Search code examples
pythonmatrixscipysparse-matrix

Sparse matrix with filled row and diagonal


I have a sparse matrix that I am constructing using several diagonals:

A = diags([np.arange(100), np.arange(99), np.arange(99)], offsets=[0, -1, 1])

However, this sparse matrix also has a vector of ones in the last row. Is there any way to store this in the sparse matrix or is my construct to inefficient and I should work with a dense matrix?


Solution

  • sparse.diags does make a sparse matrix with a special diagonal format:

    In [591]: A = sparse.diags([np.arange(100), np.arange(99), np.arange(99)], offse
         ...: ts=[0, -1, 1])
    In [592]: A
    Out[592]: 
    <100x100 sparse matrix of type '<class 'numpy.float64'>'
        with 298 stored elements (3 diagonals) in DIAgonal format>
    In [593]: A.A
    Out[593]: 
    array([[  0.,   0.,   0., ...,   0.,   0.,   0.],
           [  0.,   1.,   1., ...,   0.,   0.,   0.],
           [  0.,   1.,   2., ...,   0.,   0.,   0.],
           ..., 
           [  0.,   0.,   0., ...,  97.,  97.,   0.],
           [  0.,   0.,   0., ...,  97.,  98.,  98.],
           [  0.,   0.,   0., ...,   0.,  98.,  99.]])
    

    But the storage isn't significantly more efficient than other sparse formats.

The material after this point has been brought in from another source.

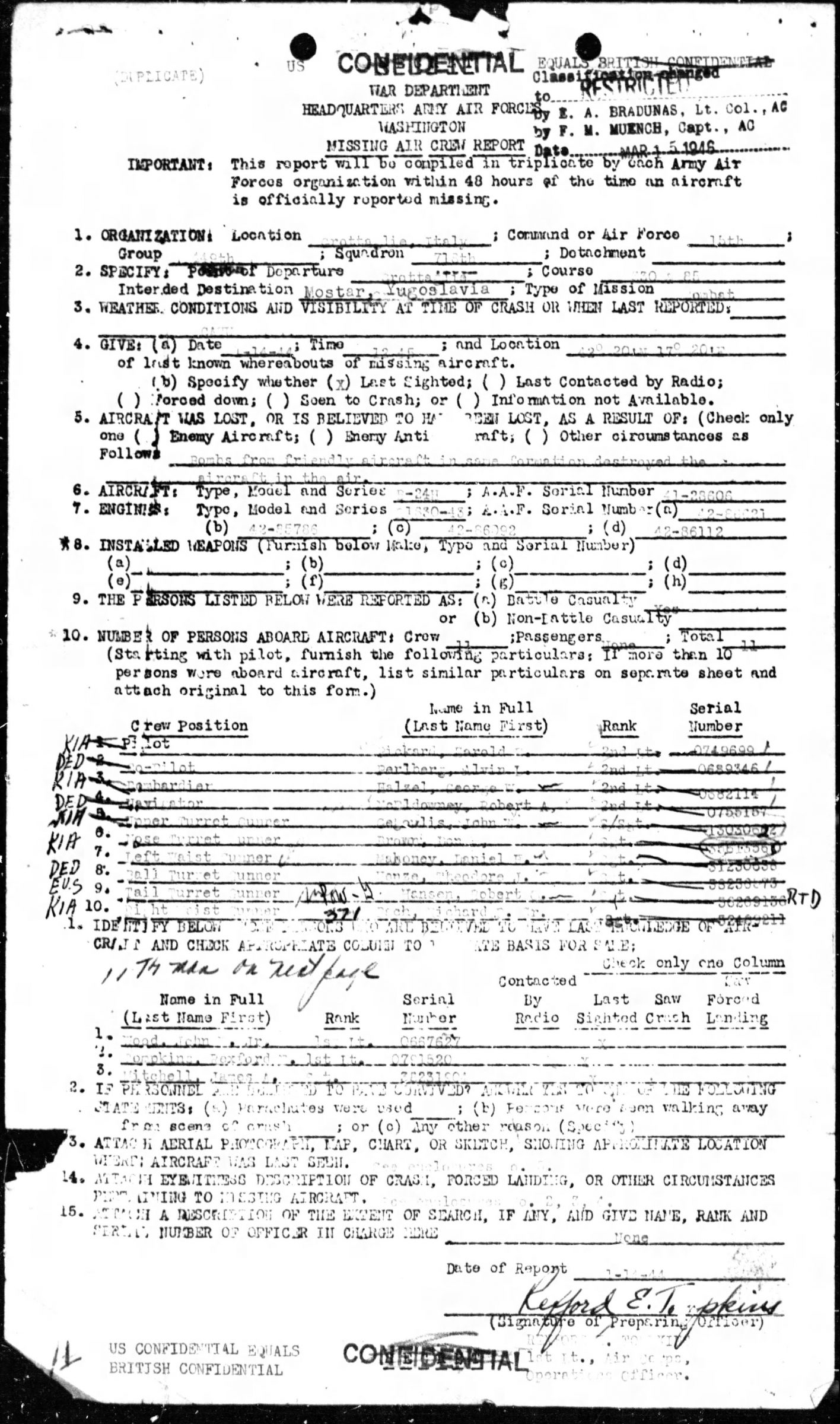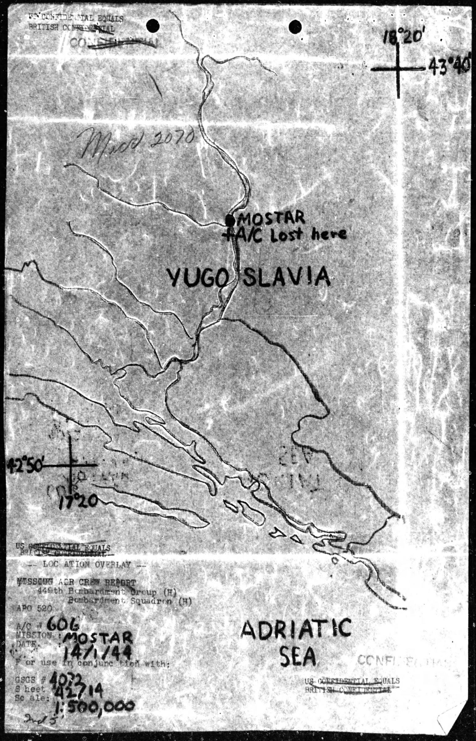 Aircraft B-24H with serial number 41-28606 departed from Grotta, Italy on a combat mission to Mostar, Yugoslavia. Bombs from a friendly aircraft in the same formation destroyed the aircraft in the air over Mostar in Yugoslavia.

Other formats have to store the same 298 values. They'll just index them differently.

    We can set the last row in various ways.

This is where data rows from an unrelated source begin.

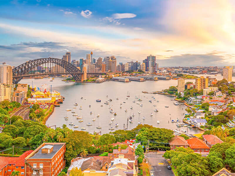 - Sydney: Thành phố biểu tượng của Úc với Nhà hát Opera và Cầu cảng Sydney nổi tiếng toàn cầu. Đừng bỏ lỡ cơ hội thả mình trên bãi biển Bondi hoặc khám phá các khu phố nghệ thuật tại Newtown.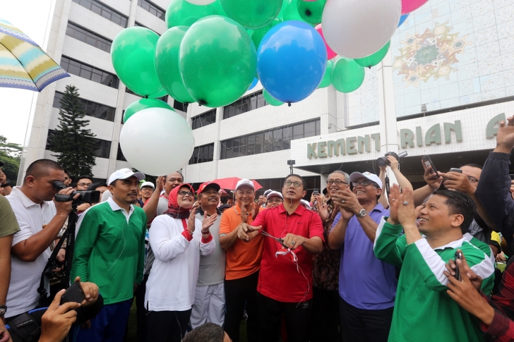 Jakarta (30/09)--- Deputi bidang Koordinasi Pendidikan dan Agama Kememko PMK, Agus Sartono, mewakili Menko PMK. Puan Maharani dan mendampingi Menteri Agama, Lukman Hakim Saifuddin, pada Launching Pekan Olah raga dan Seni Antar Pondok Pesantren Tingkat Nasional (POSPENAS) VII 2016 pagi tadi di Kantor Kementerian Agama.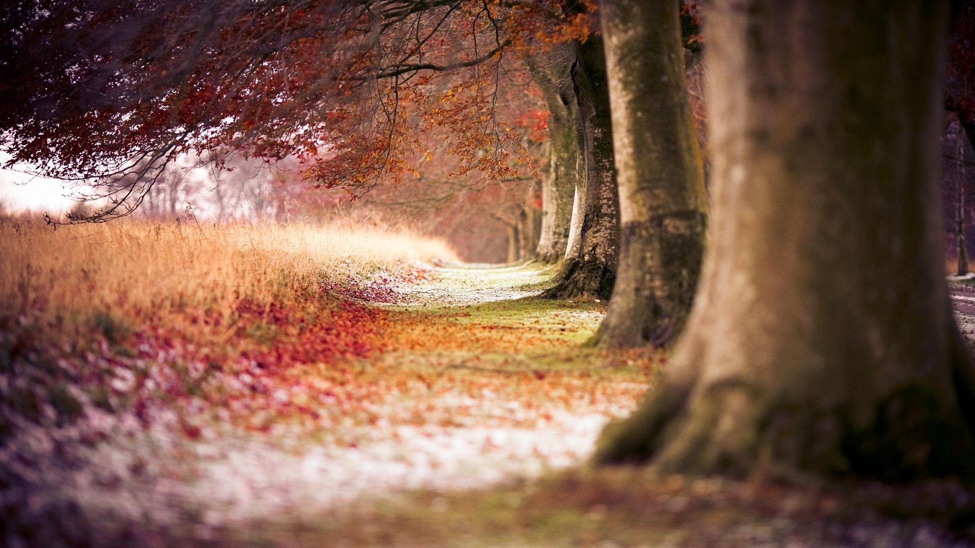 Jesienny krajobraz z uschniętym drzewem rozgałęzionym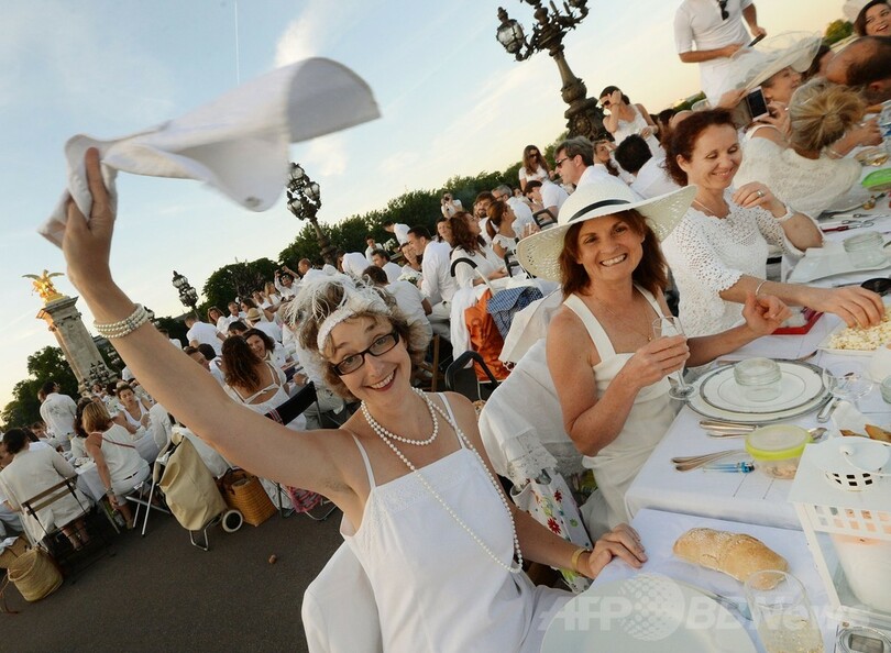 1万2000人が白服でディナー、仏パリで恒例イベント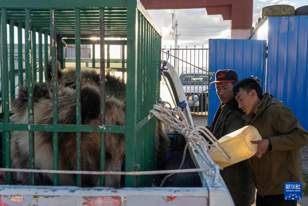 野保隊員在西藏那曲市尼瑪縣羅布玉杰野生動物管護站為放歸棕熊做準備(8月30日攝)。新華社記者 姜帆 攝
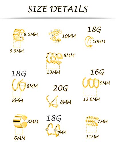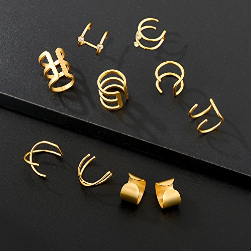 - MULTIPLE DESIGNS-10 Pairs in One Set, Totally 10 Different Styles: Personalized Cross X, Simple 2 Row Wrap, Trendy 3 Row Wrap, Classic U Shape Dome, Perfectly As Ear Cuff, Tragus Ring, Helix Cartilage Clip and Fake Nose Ring, Try Different Pair Every Day

    We can't index the last row directly with the sparse format.

    In [594]: A[-1,:]
    ...
    TypeError: 'dia_matrix' object is not subscriptable
    

    but we can convert it to csr format, and set its row value:

    In [595]: A.tocsr()[-1,:]
    Out[595]: 
    <1x100 sparse matrix of type '<class 'numpy.float64'>'
        with 2 stored elements in Compressed Sparse Row format>
    In [596]: Ac = A.tocsr()
    In [597]: Ac[-1,:]=1
    /usr/local/lib/python3.5/dist-packages/scipy/sparse/compressed.py:730: SparseEfficiencyWarning: Changing the sparsity structure of a csr_matrix is expensive.
    In [598]: Ac
    Out[598]: 
    <100x100 sparse matrix of type '<class 'numpy.float64'>'
        with 393 stored elements in Compressed Sparse Row format>
    In [599]: Ac.A
    Out[599]: 
    array([[  0.,   0.,   0., ...,   0.,   0.,   0.],
           [  0.,   1.,   1., ...,   0.,   0.,   0.],
           [  0.,   1.,   2., ...,   0.,   0.,   0.],
           ..., 
           [  0.,   0.,   0., ...,  97.,  97.,   0.],
           [  0.,   0.,   0., ...,  97.,  98.,  98.],
           [  1.,   1.,   1., ...,   1.,   1.,   1.]])
    

    Here I wouldn't worry about the sparsity warning; that's meant more for cases where the action is done iteratively. I could have used tolil() instead. Keep in mind that the csr format gets use for calculations. And the coo format is use when combining blocks of matrices.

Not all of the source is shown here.